Basic Characteristics of Patients

A total of 4,997 critically ill patients with diabetes were enrolled in this study, with a male-to-female ratio of 1.37:1, mean age of 66.87 ± 12.74 years, median hospital LOS of 13.5 (9.72–24.80) days, and median ICU LOS of 3.93 (2.77–6.85) days. Additionally, 1,178 patients (23.6%) had CKD, 3,529 patients (70.6%) had hypertension, 1,902 patients (38.1%) had CHF, and 1,087 patients (21.8%) had ARDS. All-cause mortality at 6-month was 47.6% (2378/4997), and hospital death occurred in 596 patients (11.9%). The incidence of AKI in critically ill patients with diabetes was 32.8% (1,637/4,997). There were 1,339 patients (81.8%) with stage 1 AKI, 136 patients (8.3%) with stage 2 AKI, and 162 patients (9.9%) with stage 3 AKI. The AKI etiologies were prerenal in 52.2%, renal in 35.3%, and postrenal in 12.5%.

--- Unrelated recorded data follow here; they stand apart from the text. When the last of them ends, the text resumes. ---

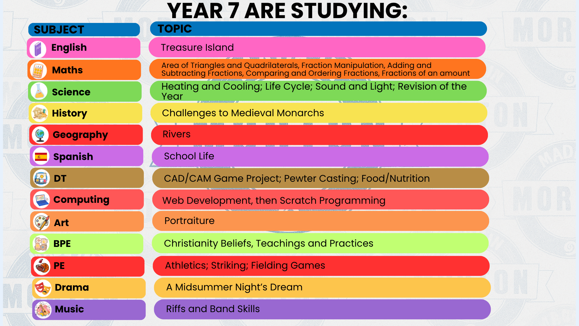 History, Geography, Spanish, Computer Science, Media, Childcare, Art, Food Technology, Music, Performing Arts, Engineering, NCFE PE, GCSE PE, Animal Care
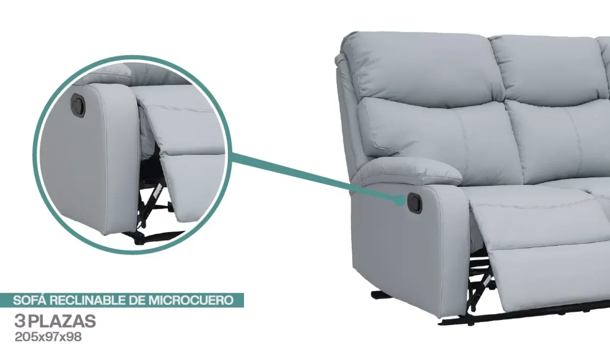 - Cuenta con descansa pies y respaldo reclinable (asiendo del medio no reclinable).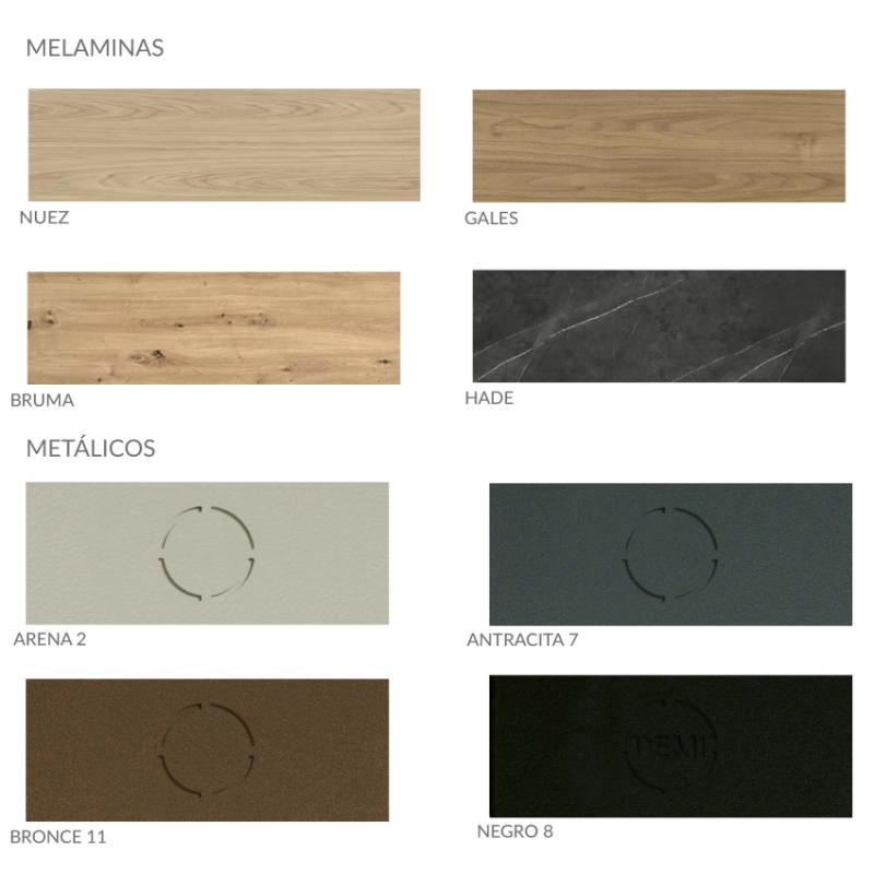 Antracita metalizado, Arena metalizado, Bronce metalizado, Negro metalizado

Comparison of Clinical Data Between the AKI Group and the Non-AKI Group

As shown in Table 1, the proportion of male, age, ICU LOS, the proportion of CHF, hypertension, CKD, ARDS, HbA1c, Scr, lactic acid, SOFA score, SAPSII, OASIS, SF, and TRF saturation in the AKI group were higher than those in the non-AKI group. Systolic blood pressure (SBP), diastolic blood pressure (DBP), mean arterial pressure (MAP), Hb, RBC, platelet, TRF, and TIBC were lower than those in the non-AKI group (P < 0.05). There were no significant differences in the type of diabetes, WBC, reticulocyte, RBG, and serum iron levels between the two groups (P > 0.05). In addition, the 6-month all-cause mortality was higher in the AKI group than that in the non-AKI group (53.8 vs. 44.6%, P < 0.001).

Risk Factors for AKI in Critically Ill Patients With Diabetes

As shown in Table 2, the univariate logistic regression analysis showed the male sex, age, ICU LOS, ventilation, CHF, HBP, CKD, ARDS, SBP, DBP, MAP, Hb, RBC, platelet, HbA1c, Scr, lactic acid, SOFA score, SAPSII, OASIS, TRF, TIBC, SF, and TRF saturation were risk factors for AKI in critically ill patients with diabetes (P < 0.05). The above-mentioned variables were substituted into multivariate logistic regression, and the results showed that CHF (OR = 2.111, 95% CI = 1.320–3.376), increased Scr (OR = 1.342, 95% CI = 1.192–1.512), increased OASIS (OR = 1.075, 95% CI = 1.045–1.106), increased SF (OR = 1.002, 95% CI = 1.001–1.003), and decreased TRF (OR = 0.993, 95% CI = 0.989–0.998) were independent risk factors for AKI in critical diabetic patients.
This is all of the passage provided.